Valéria Milewski, Fanny Rink (dir.), Récits de soi face à la maladie grave

Limoges, Lambert-Lucas, 2014.

Les approches narratives en médecine se développent dans la pratique et se théorisent de plus en plus précisément, donnant lieu à des ouvrages qui à la fois font dialoguer des études de cas émanant d’initiatives propres à des services de soins palliatifs en cancérologie, et créent une assise théorique du prendre soin par l’approche narrative au sein même des services hospitaliers. Récits de soi face à la maladie grave rassemble des écrits issus d’une journée d’étude intitulée « Récits de vie, maladie grave, fin de vie » qui s’est tenue en décembre 2011 à l’Université Paris Ouest Nanterre La Défense dans le but de faire se rencontrer différentes pratiques empiriques et réflexions théoriques sur ces questions. L’ouvrage développe la notion de « clinique narrative », qui, « en contrepoint d’un objectif de connaissance scientifique, tente de promouvoir une intention éthique de la relation intersubjective étroitement articulée au champ d’action de la recherche biographique » (79). En ce sens, l’ouvrage se rapproche du champ de la médecine narrative qui se développe depuis une vingtaine d’années dans le monde anglo-saxon, dans le sillage des travaux de Rita Charon sur la question. Récits de soi face à la maladie grave se veut autant un lieu de rencontres interdisciplinaires de pratiques disparates pour les sortir de l’isolement épistémologique, qu’un matériel pédagogique à destination des praticiens et praticiennes du soin, afin de les encourager à questionner leurs pratiques.

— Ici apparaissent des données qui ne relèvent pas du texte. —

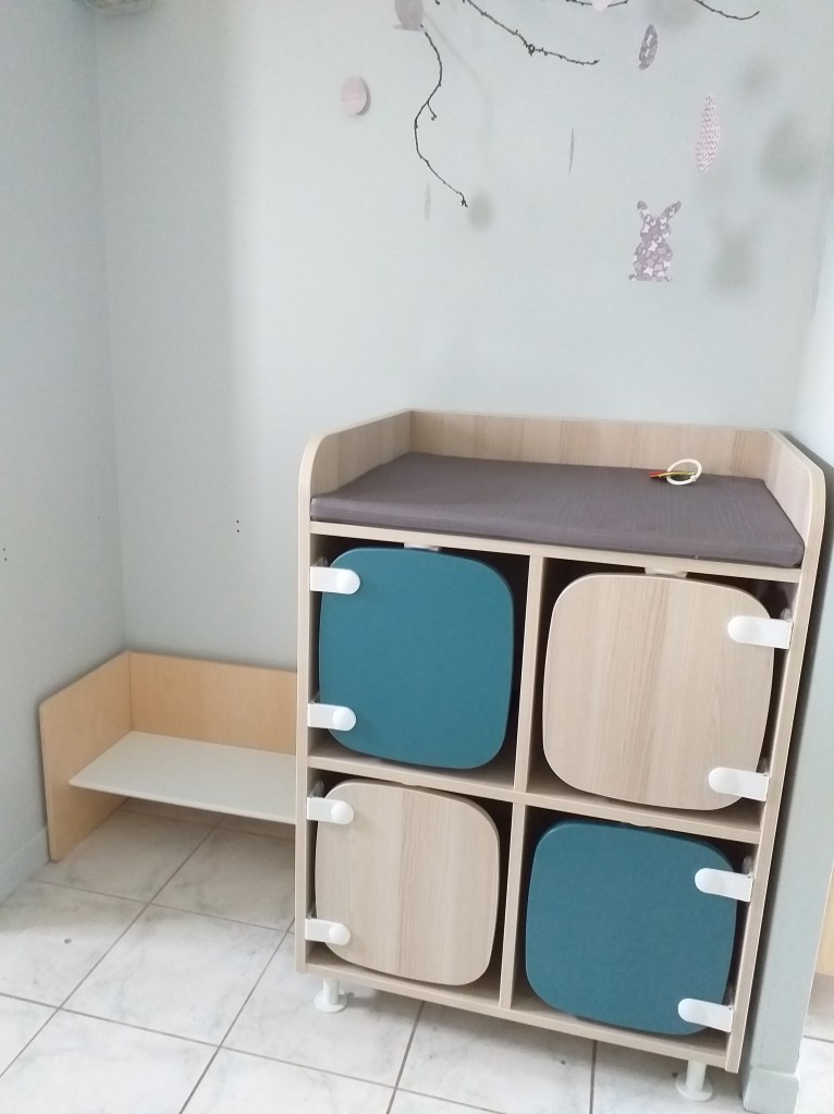 La dernière étape avant d’aller à la sieste. Là encore l’aménagement du mobilier est pensé pour favoriser l’autonomie des enfants.

Pour répondre à ce double objectif, l’ouvrage est décliné en trois parties, au sein desquelles les chapitres alternent entre études de cas empirique en clinique narrative et contributions plus théoriques. Les travaux de Paul Ricœur sont régulièrement convoqués, faisant du récit le concept central dans la thérapeutique proposée. Les différents chapitres évoquent une vaste panoplie de récits de soi, allant de l’écriture personnelle avec les outils traditionnels du carnet et du stylo à la tenue de blog, en passant par à la narration guidée par un professionnel de l’écriture et le témoignage oral recueilli puis transposé à l’écrit par un tiers. Les contributeurs et contributrices sont médecins, praticiens hospitaliers, psychologues et psychanalystes, spécialistes de sciences de l’éducation, de littérature ou de philosophie de la santé, conservateurs de bibliothèques, anthropologues, biographes. Cette vaste étendue disciplinaire souligne à quel point les différentes approches ont à apprendre les unes des autres, et le grand intérêt pour la réflexion éthique en médecine de travailler de concert avec les sciences humaines et sociales autour de la notion de récit. Les différentes études de cas présentées donnent à voir la variété des pratiques narratives en médecine, qui ouvrent pour le lecteur des fenêtres sur des services qui peuvent paraître relativement impressionnants et étrangers lorsqu’on n’y est pas directement confronté, apportant de la transparence afin de mener à bien la mission pédagogique de l’ouvrage.